Tuesday, 10 January 2012

Insurers? Don't you wish some disaster would befall them?

There are very few people we are allowed to hate or abuse these days, without calling down the wrath of the thought police.

Even the Welsh, the morbidly obese and people with ginger hair seem to be creeping within the safety net of protected species. Though apparently it is still all right to loathe bankers for their obscene rewards, and for expecting us to pick up the bill when their bets go wrong.

But if a banker is a man who cheerfully lends you his umbrella when the sun is shining, then demands it back when it starts to rain – well, at least you’ve had the pleasure of holding an umbrella for a while. This to my mind, puts him several steps ahead of the insurer, who takes your money in return for a solemn promise to provide an umbrella when the heavens open, then comes up with 101 reasons why he cannot supply it.

Usually boiling down to some incredibly small print on page 38 of his policy document, pertaining to the definition of “rain”.

A typical insurer in action, apparently.
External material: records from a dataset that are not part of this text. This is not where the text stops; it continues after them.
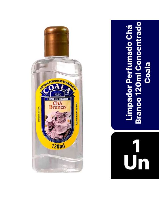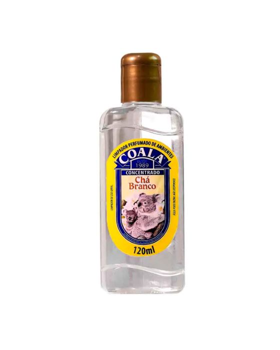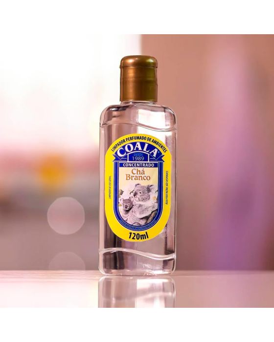 Características:Com Coala Essências Limpador Perfumado de Ambientes Chá Branco, seu ambiente vai ficar limpo e com um aroma incrível!Detalhes:- Marca: Coala.- Modelo: Limpador Perfumado;- Linha: Limpadores;- Tipo: Uso geral;- Fragrância: Chá Branco;- Volume/Peso: 120ml / 200g;- Contém: 1 unidade do produto;- Rendimento: 8 gotas rende 1 litro;- Garante a sensação prolongada de limpeza e bem-estar;- Tem perfume duradouro;- Fragrância agradável.Indústria Brasileira. | Validade: 24 meses após a data de fabricação impressa na embalagem.Onde usar:- Pode ser usado em ambientes como quartos, salas de estar/ jantar, cozinhas, banheiros, lavabos, escritórios, salas de reunião entre outras.Modo de usar:- Diluir 8 gotas da Essência Limpadora concentrada em 1 litro de água e com o pano úmido e passar sobre a superfície desejada.Precauções:- Testar o produto em uma pequena área antes do uso, para evitar possíveis manchas.- Manter o produto em sua embalagem original, sempre fechada;- Não reutilize a embalagem.Conservação:- Guardar sob abrigo da luz do sol, pois o calor excessivo pode danificar o produto e sua eficácia.Composição:- Nonil fenol etoxilado 9,5 EO, solvente, fragrância, corante, sequestrante e veículo.Medidas:- Dimensões do produto: 5,5 x 2,7 x 15,2cm (CxLxA);- Peso: 200g.ATENÇÃO! MANTENHA O PRODUTO FORA DO ALCANCE DE CRIANÇAS E ANIMAIS DE ESTIMAÇÃO.* As especificações podem ser alteradas sem aviso prévio ** Imagem meramente ilustrativa
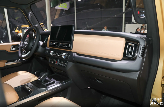 车内台面上已经配了12.3英寸中控车机大屏幕,现在上手操作智能化体验还算可以,而且细节上并没有砍掉所有的传统控制按钮,尤其是驾驶模式越野模式的切换比较方便。
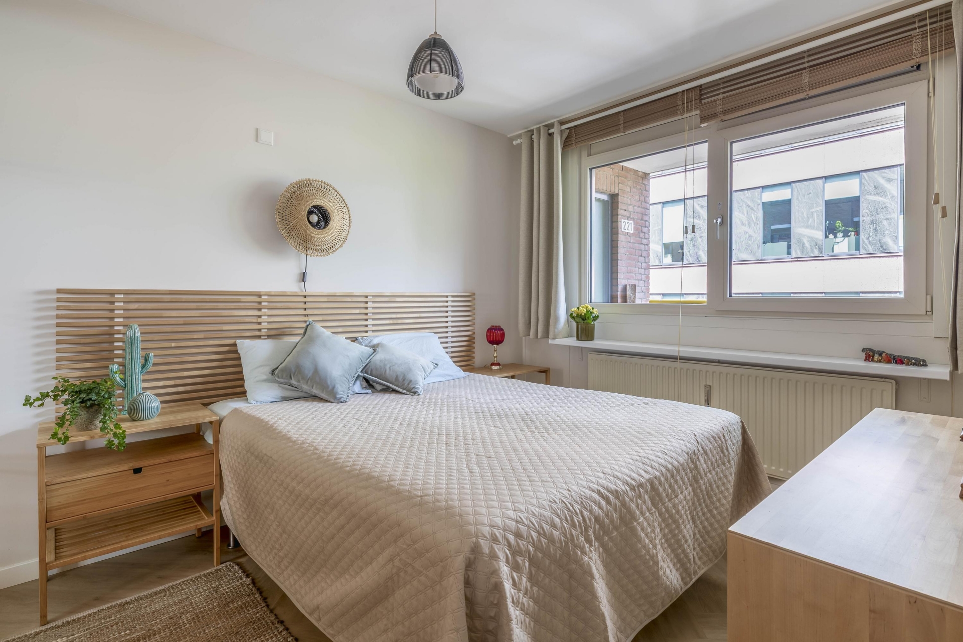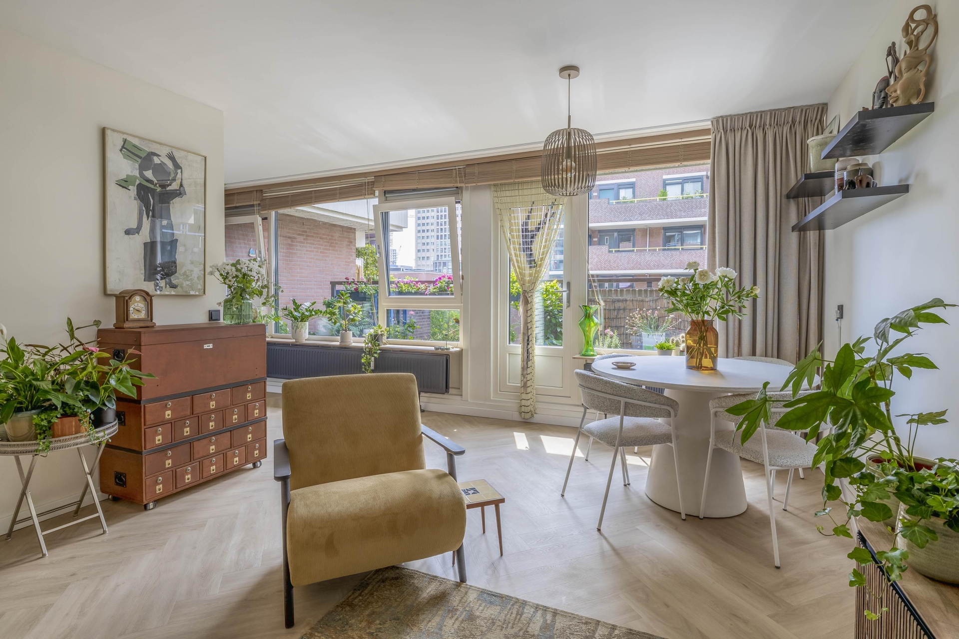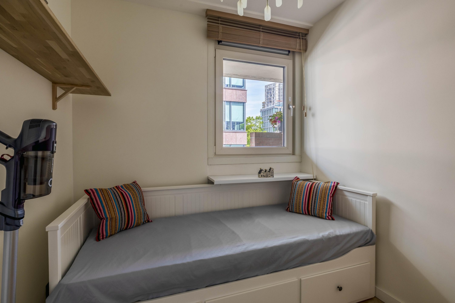 De woonkamer is ruim opgezet en heeft dankzij de grote raampartijen een prettige lichtinval. Vanuit hier stap je het balkon op dat op het westen ligt, een heerlijke plek om te ontspannen met uitzicht over de stad en de avondzon op je gezicht. De open verbinding met de keuken maakt het een ideale ruimte voor wie graag kookt én gezelschap houdt. De twee slaapkamers liggen rustig aan de galerijzijde en zijn uitstekend in te delen als hoofdslaapkamer, werkruimte of logeerkamer.
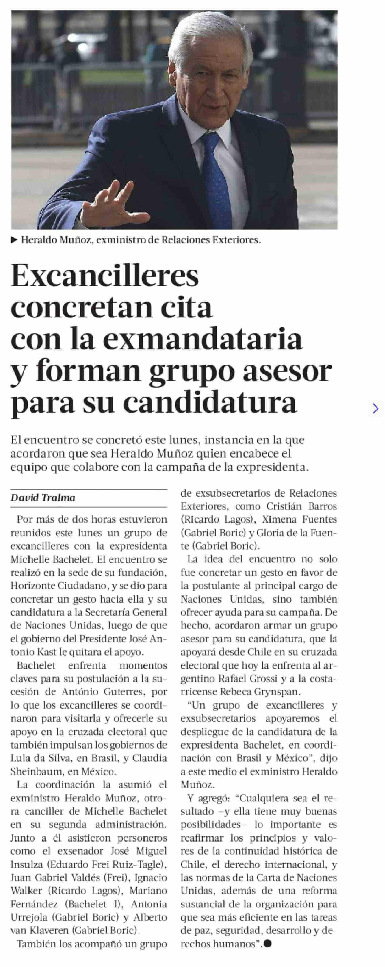 Excancilleres concretan cita con la exmandataria y forman grupo asesor para su candidatura
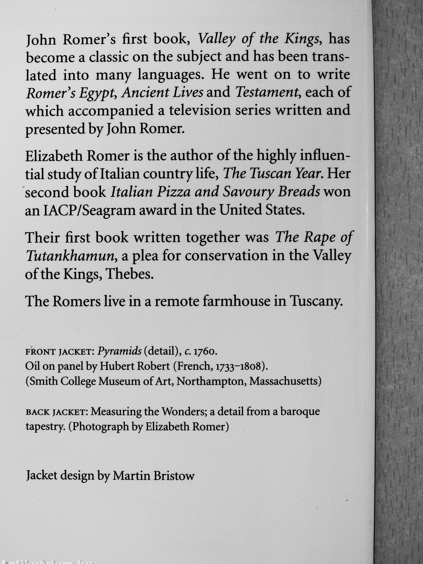John Romer's first book, Valley of the Kings, has become a classic on the subject and has been translated into many languages. He went on to write Romer's Egypt, Ancient Lives and Testament, each of which accompanied a television series written and presented by John Romer.
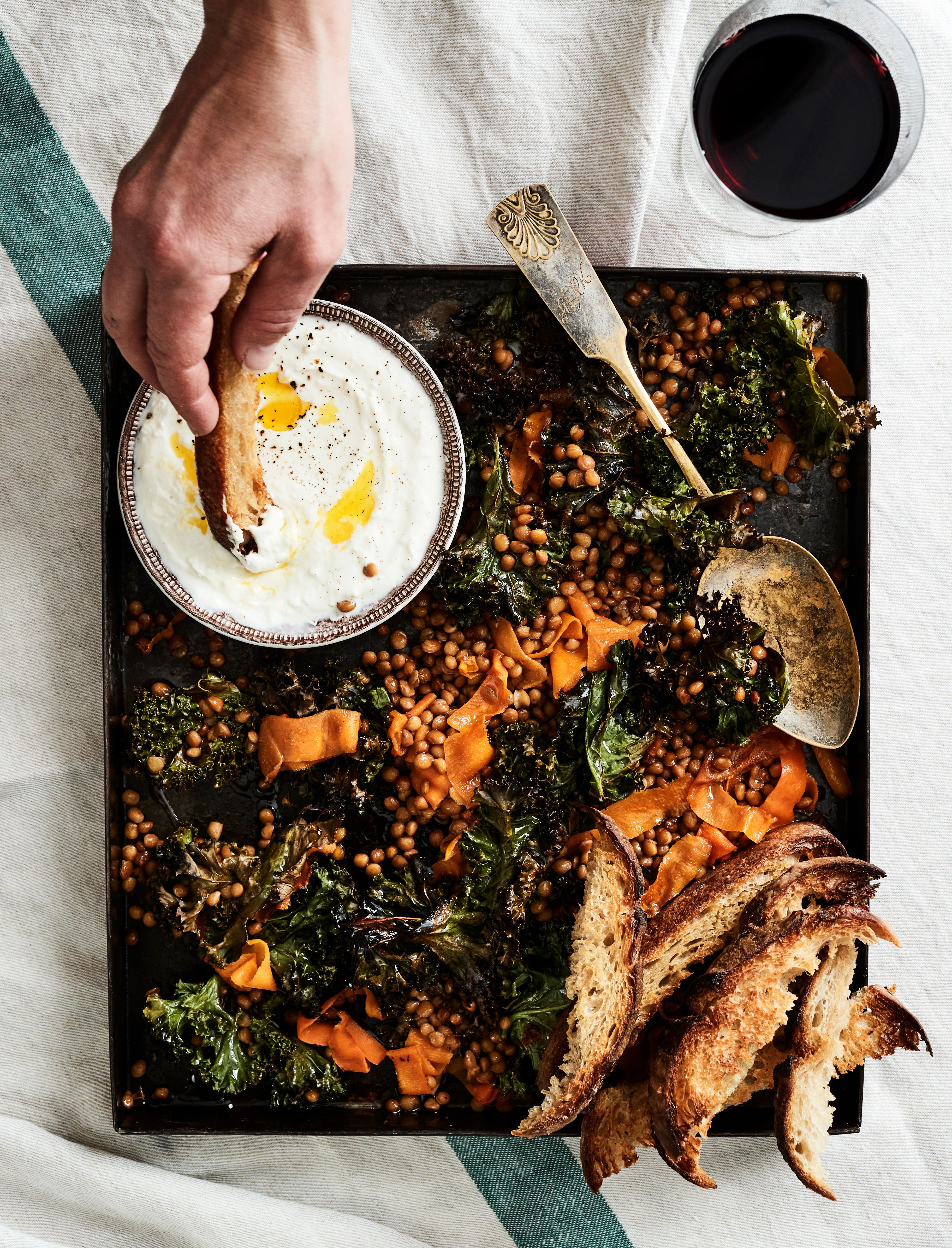 Linsseistä ruokaisuutta saava lämmin peltisalaatti syntyy vaikka uunin jälkilämmöillä. Erilaisia tekstuureja sekä värejä sisältävä salaatti sopii hyvin talveen, ja juureksia voi vaidella mielensä mukaan. Jogurttinen fetadippi ja rapeat leipäpalat viimeistelevät aterian.

You will note that it isn't actually raining.

I suppose my mind was warped by over-exposure to TV advertising in the 1950s. When we weren’t going to work on an egg and not forgetting the fruit gums, mum, we were all taking careful note of Fred, who had the reassuring strength of the insurance companies around him.
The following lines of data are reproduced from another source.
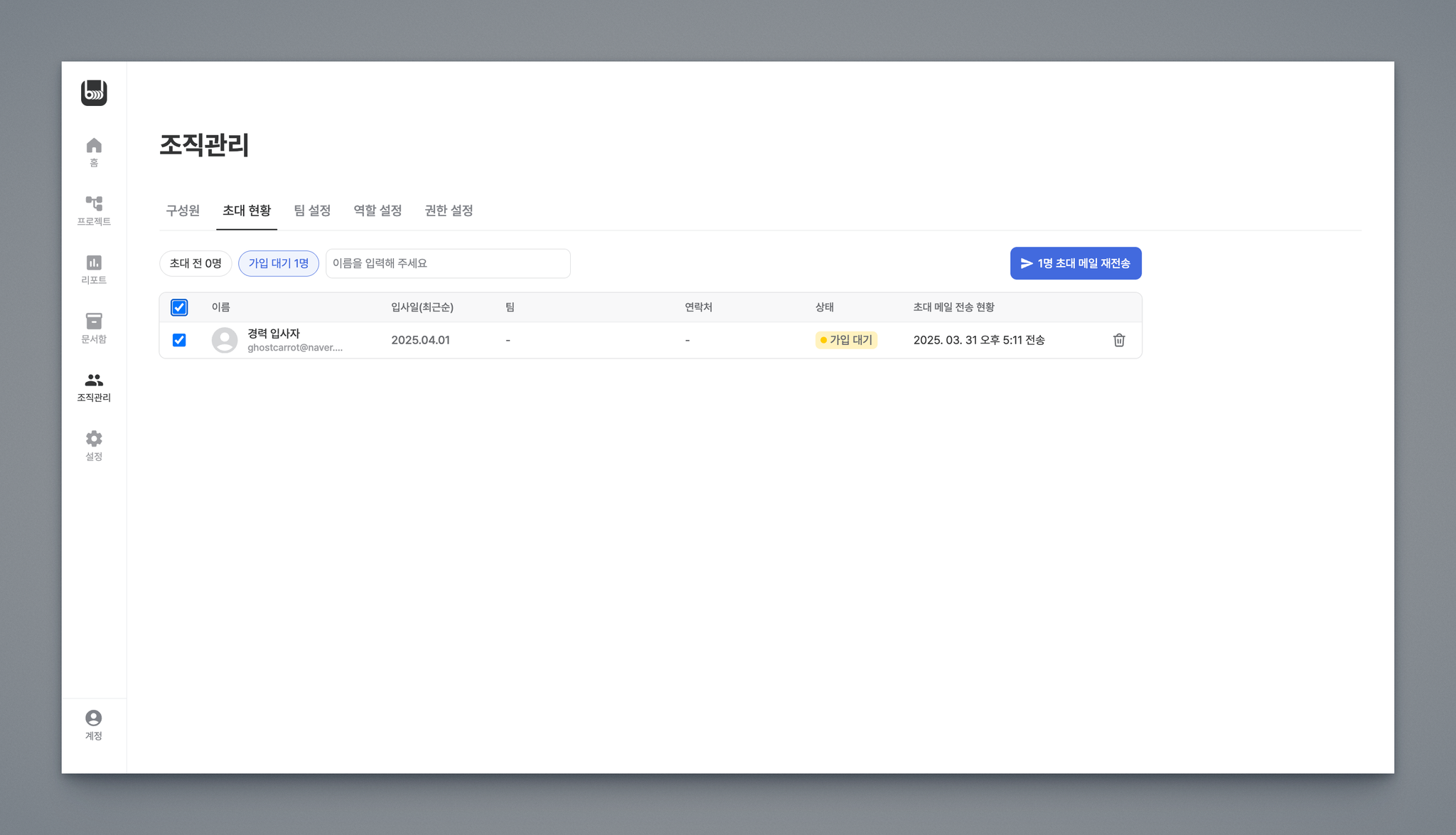 조직관리 > 초대 현황 화면에서 구성원으로 합류하지 않은 임직원을 관리할 수 있습니다.
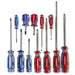 12 Pc. Phillips®/Slotted Acetate Screwdriver Set. Chrome Plated Shafts and Blades for Increased Corrosion Resistance. Blade Tips are Designed to Ensure Tighter Tolerance and Fit While Adding Convenience when Starting Fasteners. Ergonomic Tri-Lobe Extruded Acetate Handles Provide Increased Comfort and Maximized Torque for Driving and Loosening Fasteners. Easy to Clean, Chemical-Resistant Acetate Handle Stands Up to All Conditions. Phillips® Screwdrivers Feature Round Blades Slotted Screwdrivers Feature Square Blades.
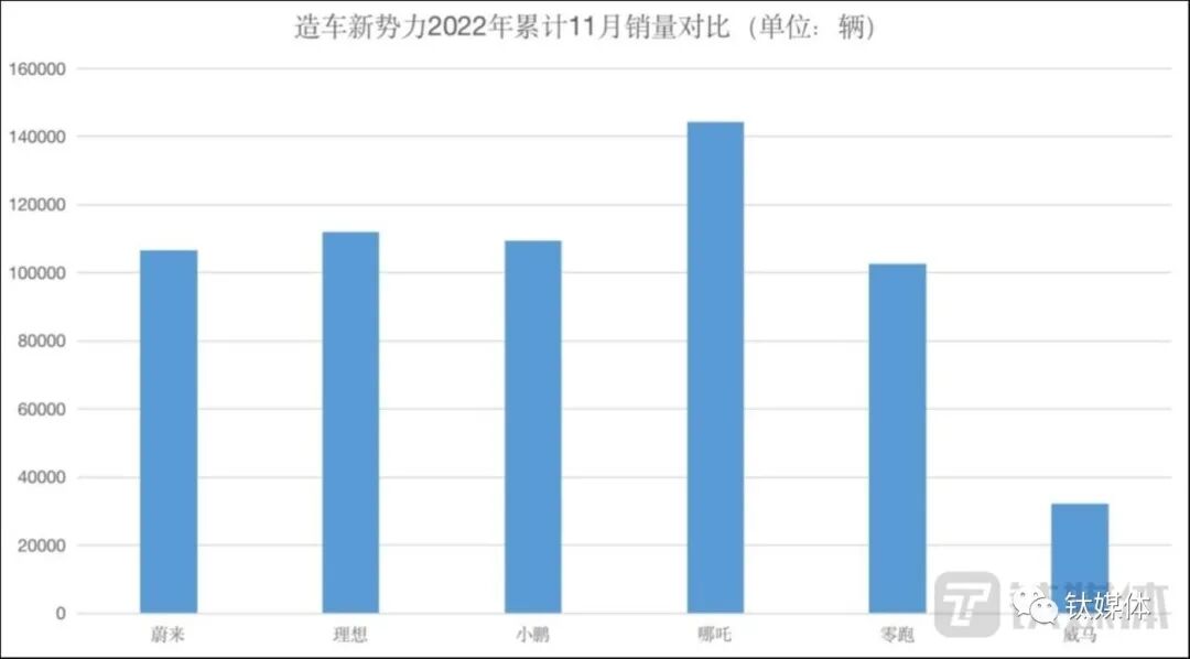 产品缺乏竞争力,威马的销量也被甩开不止一个身位。公开数据显示,威马汽车 2022年前11月销量仅有32302万辆,近三个月销量分别为 5005辆、1117辆、3018辆。作为曾经与蔚小理比肩的新势力车企,这一销量表现可以说十分惨淡。
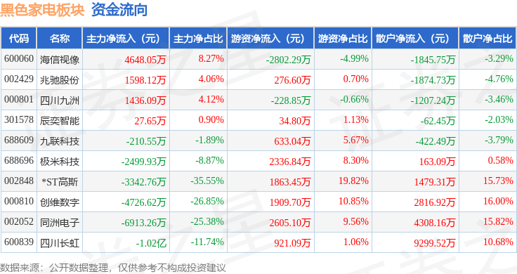 从资金流向上来看,当日黑色家电板块主力资金净流出2.02亿元,游资资金净流入7549.49万元,散户资金净流入1.27亿元。黑色家电板块个股资金流向见下表:

As a result I have faithfully insured all my belongings ever since I was a student. In 40 years I have made just one claim on my home policy, following a visit from a very unambitious and undiscerning burglar in London. The hassle involved in persuading the insurer to accept the claim was out of all proportion to the sum recovered.

Yet I kept paying the premiums, while occasionally wondering why. After all, which belongings would I actually rush to save if the house caught fire? The things that are most precious to me are those that hold memories, which means mainly photographs: priceless to me, worthless to anyone else.

I possess literally thousands of books, but I doubt whether I would replace more than a handful if they went up in smoke. That goes for most of my other belongings, too.

So the temptation not to insure at all is strong. But I live in a listed building which, if it disappeared, I would be obliged to restore exactly as it was. So some sort of cover against disaster seems prudent.

Last year, tempted by a leaflet through my letterbox, the recommendation of a fellow columnist and the lure of a modest saving, I switched my cover to a new company. They seemed ever so friendly and helpful on the phone. They even offered to send out an assessor to ensure that all my needs were being met.

Only one snag: it was obvious from the moment he walked through the door that the assessor loathed my house. He particularly disliked the combination of open fires, combustible possessions and one battery-powered smoke detector. The insurance company duly rang last week to advise that they would be cancelling my cover unless I installed a remotely monitored alarm that would automatically summon the fire brigade if it detected smoke.

This is, according to the alarm companies I have consulted, a stipulation rarely made even for stately homes, let alone modest country cottages, so it seems calculated mainly to persuade me to take my business elsewhere.

One could argue that it serves me right for hoping to save money on the soaring premiums demanded by my original insurer. Which the company then offered to reduce substantially if I changed my mind about leaving, as though I were bartering in some Middle Eastern souk. This chiefly taught me that loyalty is for mugs. I wonder what dear old 1950s Fred would have made of that?